With the latter option, one would need to work back and forth with 20 different sellers, and conduct inspections on 20 houses that are each located at a different address.
Additionally, in some cases, this route would also require an investor to open 20 separate loans for each property. All of this headache could be avoided by simply purchasing one property with 20 units.
3. You’re in a Position in Which Property Management Makes Financial Sense
Some real estate investors do not enjoy the actual management of their properties, and instead, hire a property management company to handle the day-to-day operations of their rentals. A property manager is typically paid a percentage of the monthly income that a property generates, and their duties might include finding and screening tenants, collecting rent payments, handling evictions, and maintaining the property.

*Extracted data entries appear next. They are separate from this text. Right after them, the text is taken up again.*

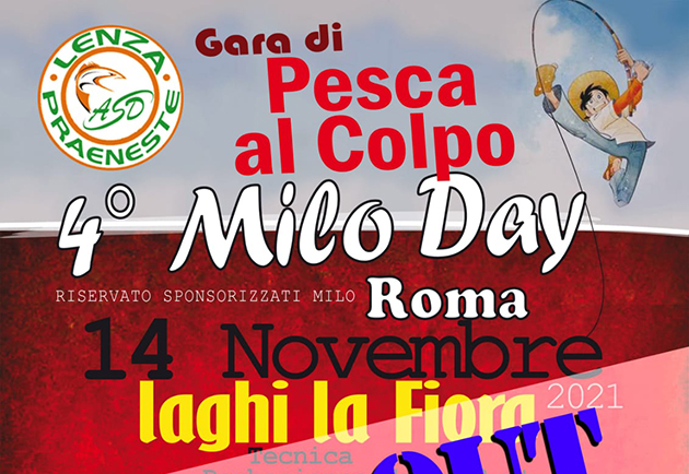 3 edizione del Milo Day Latina, gara a coppie su 2 laghi, Carpodromo e Lago Bianco. La manifestazione si terrà il 12 dicembre 2021.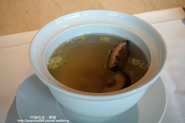 湯品是香菇雞湯,竟然瀝到這麼清澈少油,喝起來卻有溫厚的底蘊,雞湯的鮮與香菇的香都在口腔中感受得到。
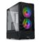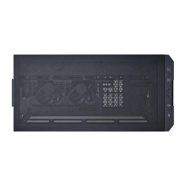 | Cooling & Ventilation System | Front: 2 x 140mm ARGB fan (450~1900 RPM / DC 12V, 0.4A / LED 5V, 0.7A / 109.3 CMF / 3.3 mm-H2O / 34.86 dB-A); Above PSU Shroud : 2 x 120mm PWM fan (500~1950 RPM / DC 12V, 0.28A / 71.1 CMF / 1.99 mm-H2O / 30.81 dB-A) |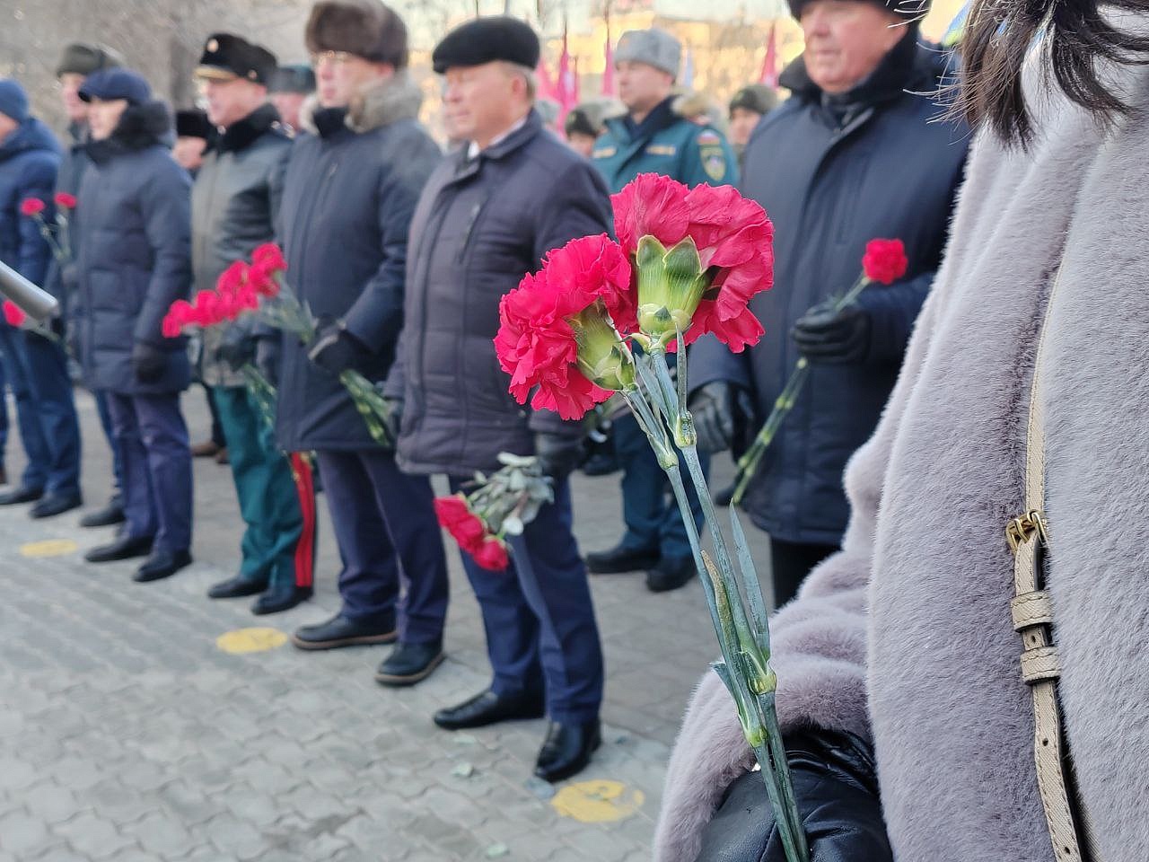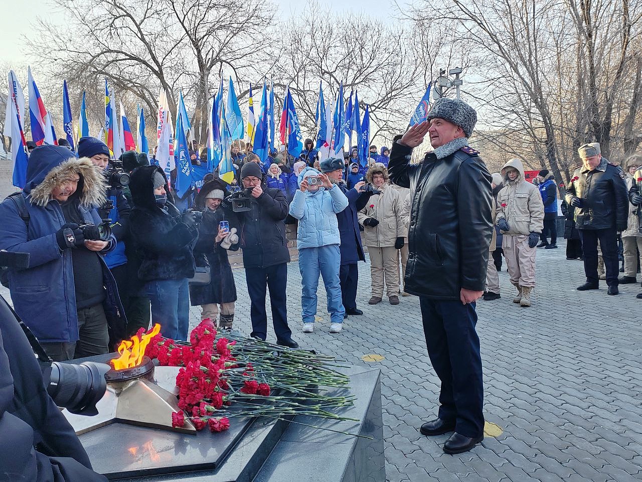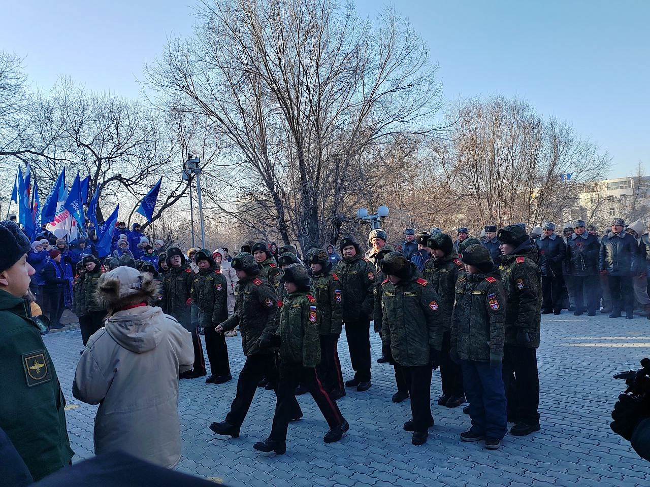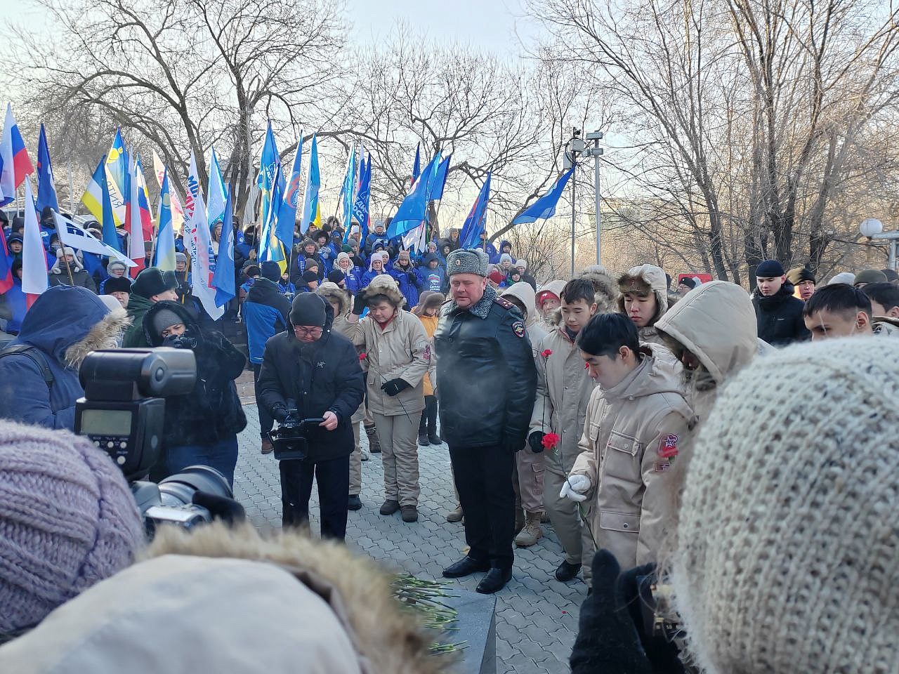 Несмотря на сильный мороз на мемориале Победы собралось сегодня множество организаций и обычных горожан, представители всех ветвей власти, общественных организаций и учреждений образования. Торжественный митинг в честь Дня защитника Отечества открыл врио командующий 36 армии ВВО, генерал-майор, Герой России Владимир Анатольевич Белявский, Глава Бурятии Алексей Цыденов и другие руководители республики.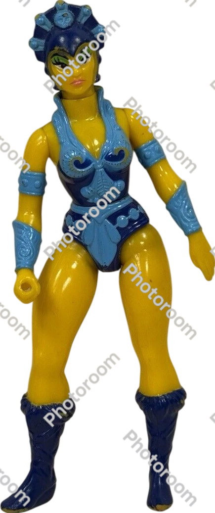 The figure represented an evil warrior-goddess who served as an essential and key lieutenant within Skeletor’s nefarious and malevolent forces, characterized prominently by her yellow skin tone and blue costume, which was essentially a 90% repaint of the Teela mold. She was included as part of the initial wave of action figures that would play a crucial role in helping to establish the Masters of the Universe franchise, which was originally conceived as a potential toy line based on Conan the Barbarian before it ultimately evolved into its own distinct and unique universe.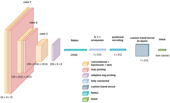 This network combines the local feature extraction capabilities of 3D Convolutional Neural Networks (CNNs) with the long-range dependency modeling of Transformer-based architectures, see Figure 6. The proposed architecture effectively extracts multiscale spatial and spectral representations via a 3D CNN backbone before processing them through a Transformer Encoder, which refines feature dependencies and enhances global context modeling. The architectural design ensures computational efficiency and robustness in handling high-dimensional input data.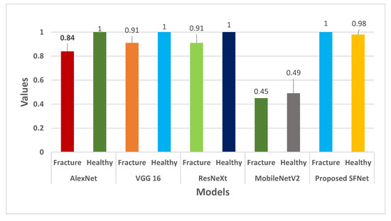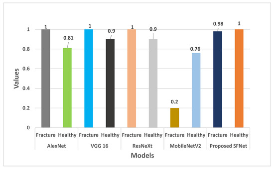 In Figure 11, the recall value of each model is plotted. The recall value of AlexNet, VGG16 and ResNeXt for fractured bone is 100%. Whereas, Hybrid SFNet achieved 98% and MobileNetV2 obtained 20% recall values. For healthy bone, hybrid SFNet has 100% recall value and other models reached 90%, except MobileNetV2.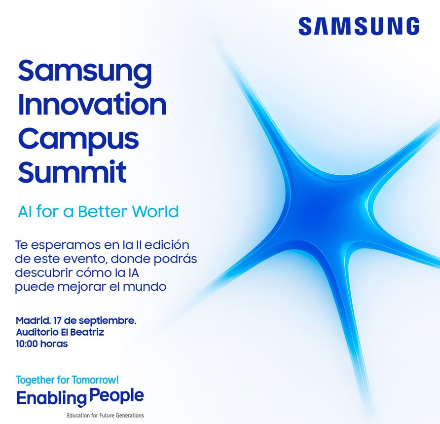 Samsung Electronics Iberia ha anunciado la celebración de la segunda edición de su evento ‘Samsung Innovation Campus Summit: AI for a Better World’, que tendrá lugar el próximo miércoles 17 de septiembre, en Madrid. La compañía reafirma así su compromiso con el uso de la tecnología y, en concreto, el uso más humanista de la inteligencia artificial para conseguir una sociedad mejor.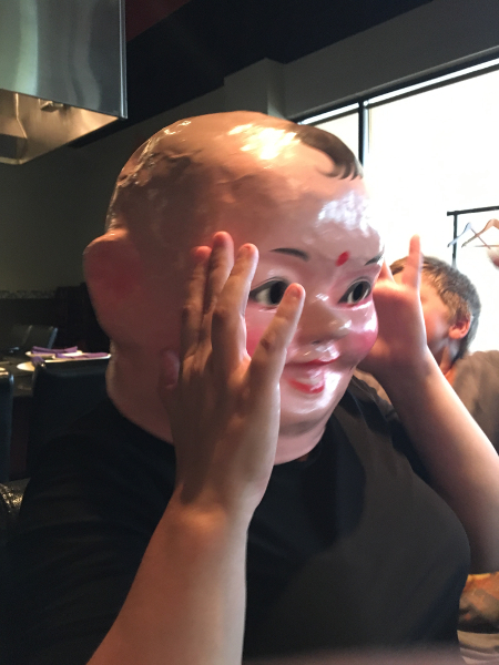 After the game we went out for supper with Freya, Kara, and Josh at the place where the guy makes the volcano out of an onion.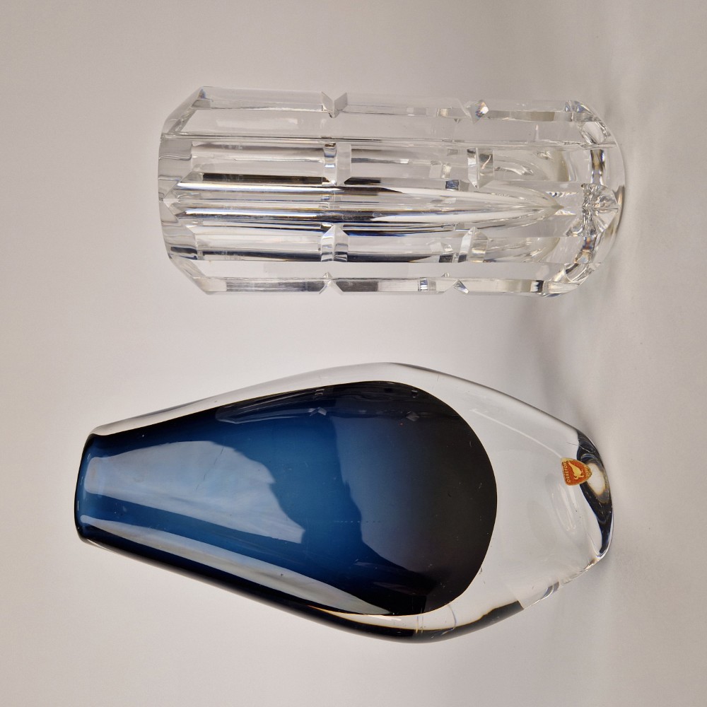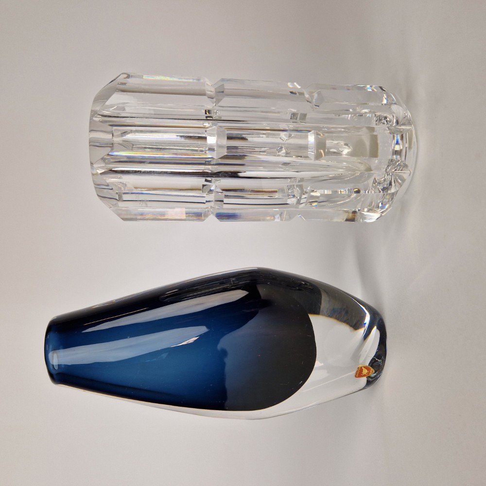 Nils Landberg, klarglas med blått underfång, höjd 21 cm.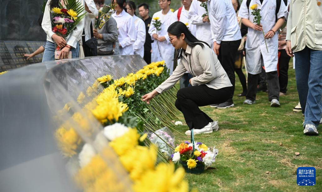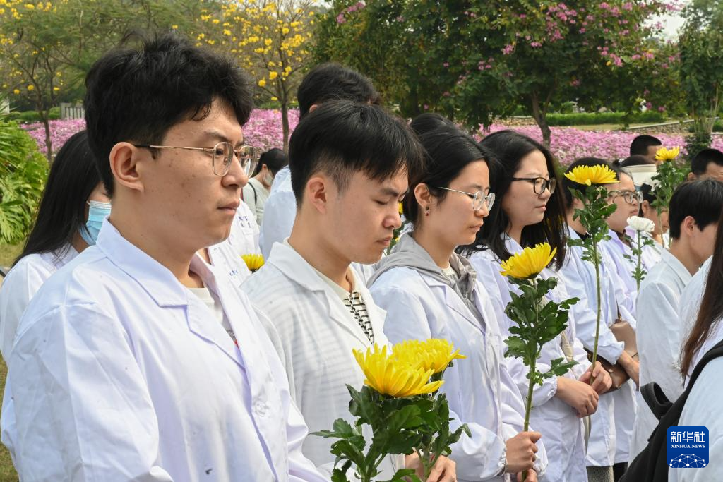 3月29日,在海沧文圃山厦门市遗体和器官捐献者纪念园,医学专业院校学生代表手捧鲜花缅怀逝者。新华社记者 周义 摄
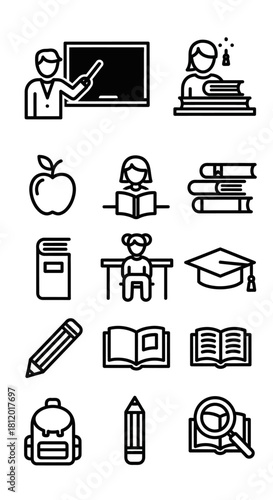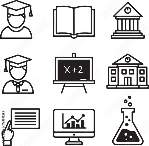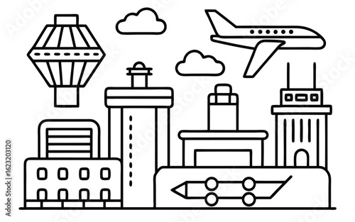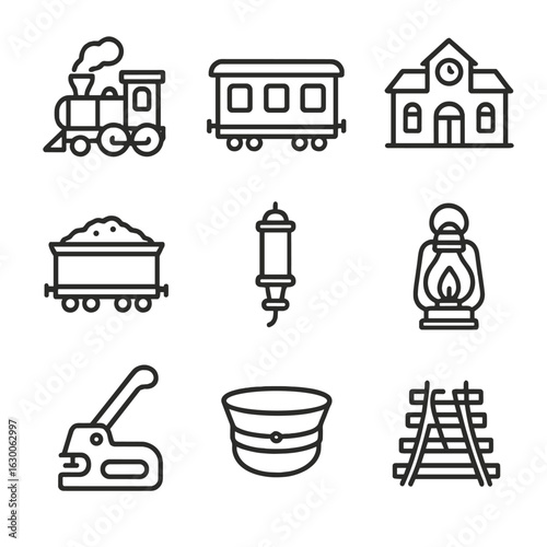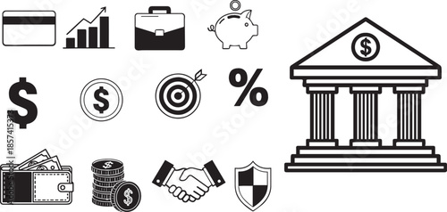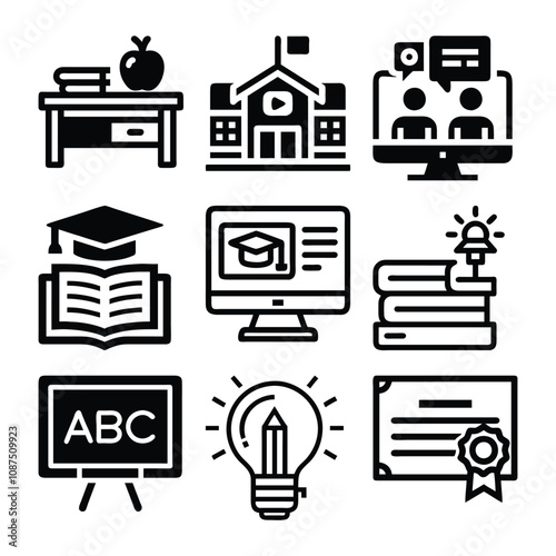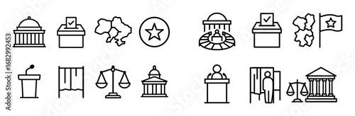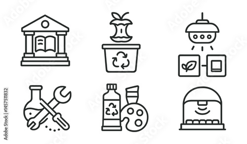 Vector set of museum isolated icons. Black and white museum symbols and design elements. Art, statue, museum building, ticket.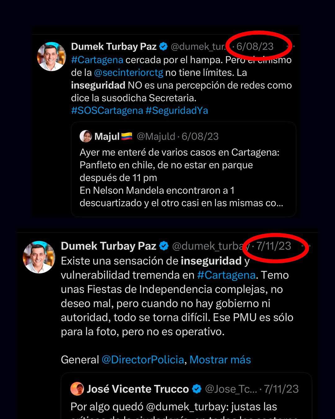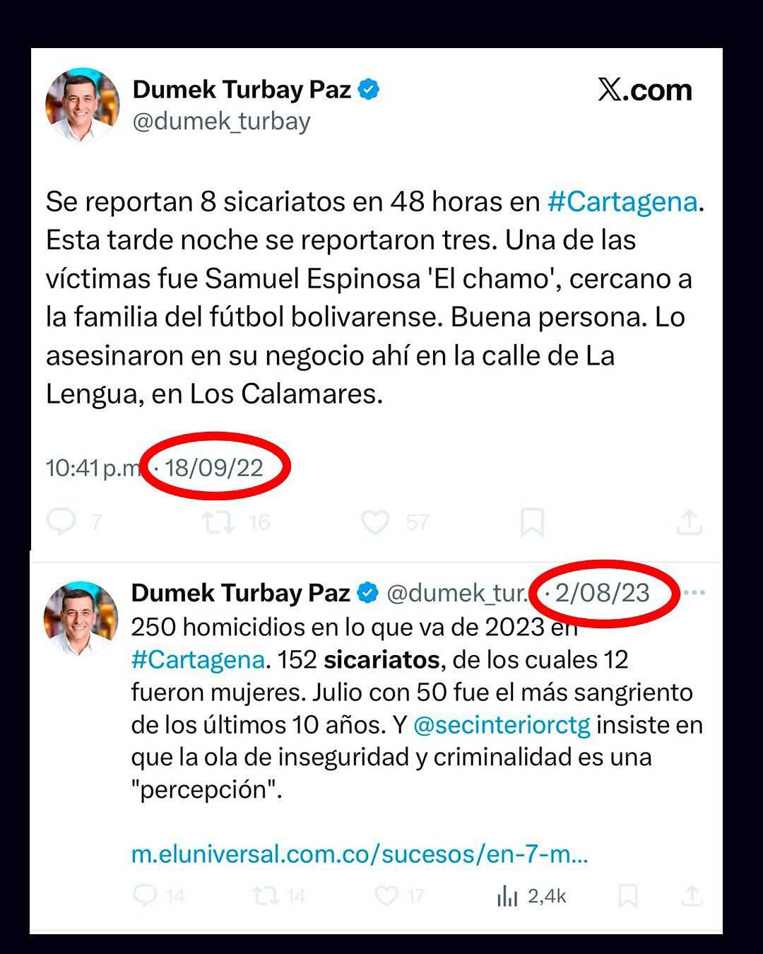 La memoria de las redes sociales no perdona. Hoy, cientos de usuarios le están recordando al alcalde de Cartagena, Dumek Turbay, sus vehementes críticas de campaña contra la administración anterior por la falta de resultados en materia de seguridad. Entonces, contaba uno a uno los sicariatos, cuestionaba al secretario del Interior y exigía acciones concretas frente a la violencia en las calles. Hoy, ese discurso parece haberle dado la vuelta… como un bumerán.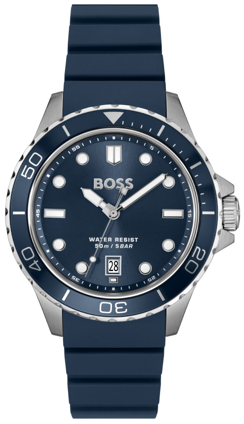 Часовник HUGO BOSS 1514292 – мъжки спортен модел със свеж и динамичен характер. Корпусът от неръждаема стомана е с диаметър 41 мм, допълнен от син силиконовa каишка, която осигурява комфорт при носене. Циферблатът е в син цвят със син безел, луминисцентни стрелки и индекси за отлична четимост, както и индикация за дата. Кварцовият механизъм гарантира надеждност, а водоустойчивостта до 5 ATM прави модела подходящ за активен начин на живот и ежедневна употреба.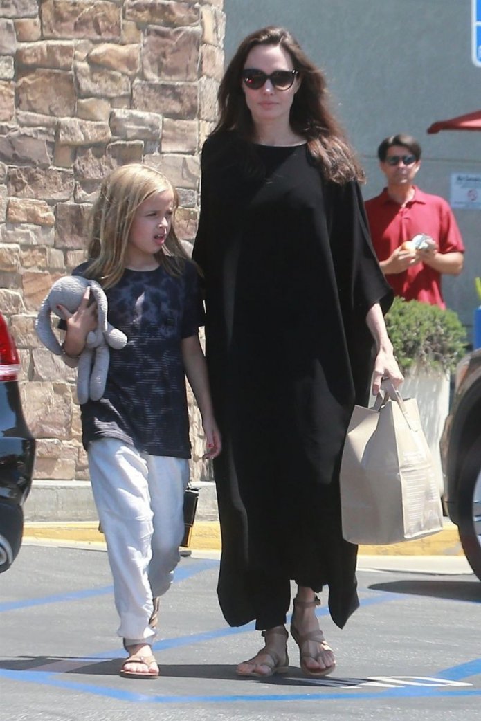 Actriţa a îmbrăcat o rochie neagră, lungă, asemănătoare cu cele purtate de femeile musulmane, cu ocazia unei şedinţe de shopping alături de fiica ei, Vivienne Jolie-Pitt, în Los Feliz, California.

Many investors who own one or two single-family homes do not have the luxury of contracting an external manager because it would not be a financially sound decision due to their small portfolio. The amount of money that multi-family properties produce each month gives their owners room to take advantage of property management services without the need to significantly cut into their margins.
The Bottom Line
Much like stocks, real estate investing allows for one to be successful through several different strategies. One of the most popular ways to invest in real estate is to own a collection of rental properties. Properties that only have one residential rental unit are commonly referred to as single-family properties, while apartment complexes that have multiple rental units are known as multi-family properties.
There are many advantages to owning multi-family real estate. These include access to easier and better financing opportunities, the ability to quickly grow one’s rental property portfolio, and the luxury of hiring a property manager.